The Pretraining Recipe#
Modern LLM pretraining follows a remarkably stable recipe:
- Architecture — decoder-only Transformer with RoPE, SwiGLU, RMSNorm, GQA, often MoE.
- Tokeniser — byte-level BPE with 100k-256k vocabulary.
- Data — trillions of tokens of curated web text (Common Crawl, FineWeb), code (GitHub), books, papers and synthetic data.
- Objective — next-token prediction (cross-entropy) with optional infilling.
- Optimiser — AdamW with cosine learning-rate schedule and warm-up.
- Hardware — thousands to tens of thousands of H100 / B200 GPUs with InfiniBand interconnect.
- Duration — weeks to months of wall-clock training.
Scaling Laws#
Hoffmann et al.'s 2022 Chinchilla paper established the compute-optimal scaling rule: for a fixed compute budget, model parameters and training tokens should grow in roughly equal proportion. The empirical recipe became ~20 tokens per parameter — a 70B model wants ~1.4T tokens.
By 2024 frontier training had moved well past Chinchilla-optimal because inference cost matters more than training cost at deployment scale. Llama 3 8B was trained on 15T tokens (≈1800 tokens/parameter), heavily overtrained relative to Chinchilla to produce a more capable small model. DeepSeek-V3 with MoE has its own scaling regime.
Post-Training Pipeline#
A pretrained 'base' model is a sophisticated next-token predictor but not a useful assistant. Post-training adds:
- Supervised fine-tuning (SFT) on high-quality instruction-following data.
- Preference optimisation — RLHF (PPO), DPO, or GRPO — against human or AI preference data.
- Constitutional AI / RLAIF — AI-generated critique and rewriting against a written policy.
- Tool-use training — function-calling, code execution, web search and agent-environment loops.

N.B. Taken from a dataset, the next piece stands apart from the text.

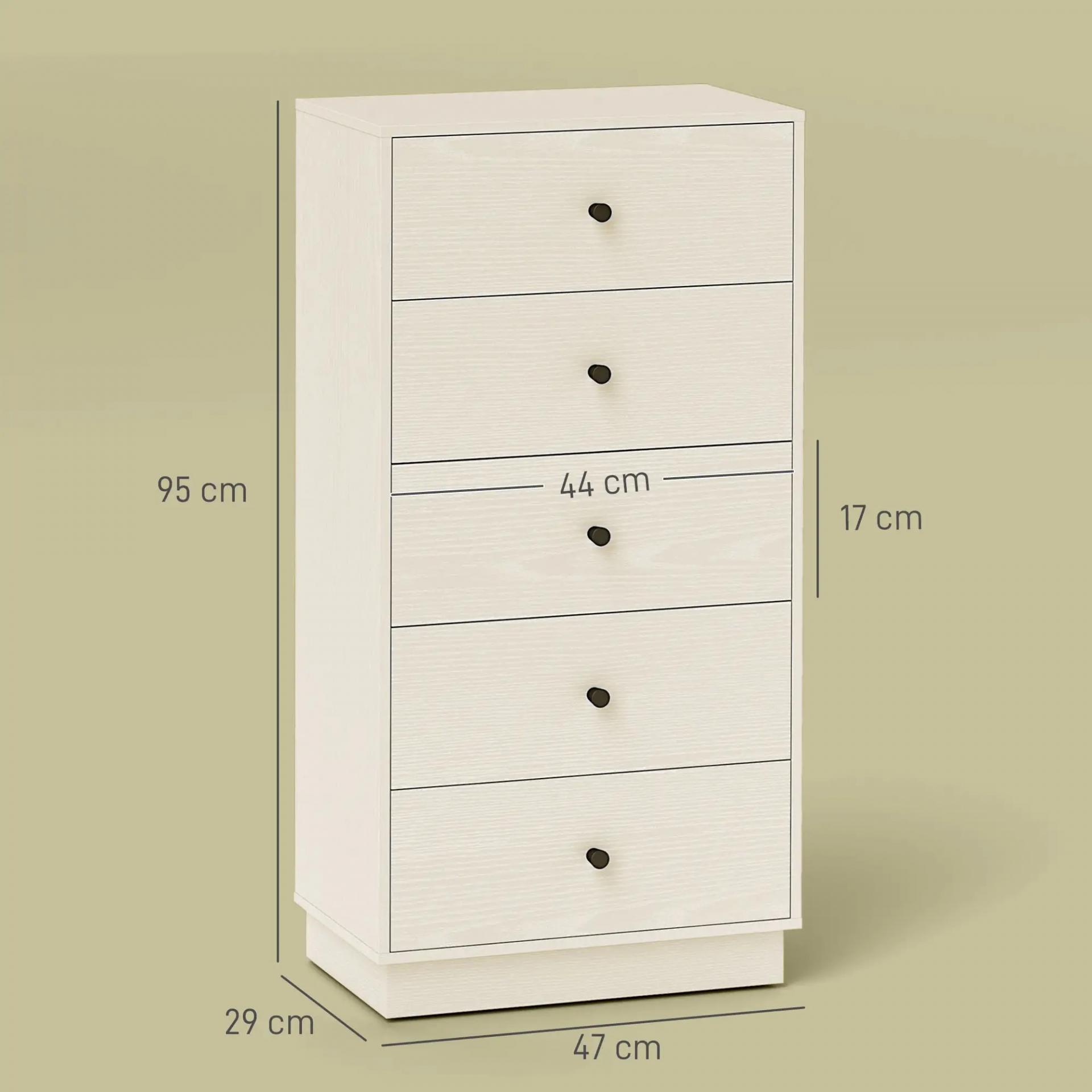 Cómoda de 5 Cajones Estrecha y Alta Mueble Auxiliar para Dormitorio o Pasillo con Tiradores Redondos 47x29x95 cm Beige

- Reasoning training — long-chain-of-thought distillation, OpenAI o-series-style RL on verifiable tasks.
The 2026 Landscape#
| Family | Latest flagship | Weights | Notable trait |
|---|---|---|---|
| OpenAI | GPT-5 / o5 | Closed | Strongest general reasoning |
| Anthropic | Claude 4.7 Opus | Closed | Long context, strong agentic use |
| Google DeepMind | Gemini 2.5 Ultra | Closed | 1M+ token context, multimodal |
| Meta | Llama 4 400B / 4 70B | Open | Largest open frontier model |
| DeepSeek | DeepSeek-V3.5 / R2 | Open | MoE efficiency, strong reasoning |
| Alibaba | Qwen 3 / Qwen 3-MoE | Open | Strong multilingual |
| Mistral | Mistral Large 2 / Codestral 2 | Mixed | European, code-strong |
Open vs Closed Weights#
The 2023-2026 era has produced a remarkable open-weights ecosystem. Llama, Qwen, DeepSeek, Mistral and Gemma have released models within a few months of comparable closed flagships. For most enterprise applications outside the absolute frontier, open weights — fine-tuned and served on dedicated infrastructure — are now the cost-efficient choice.
Closed-weights APIs retain the absolute capability lead at any given moment, generally by 6-12 months. They also bundle reliability, safety filtering and rapid iteration, which are non-trivial to replicate at enterprise scale.
When choosing a foundation model, weigh capability ceiling, total cost of ownership (training + inference), data sovereignty, latency requirements and tool ecosystem. The right answer is rarely 'the most capable model'.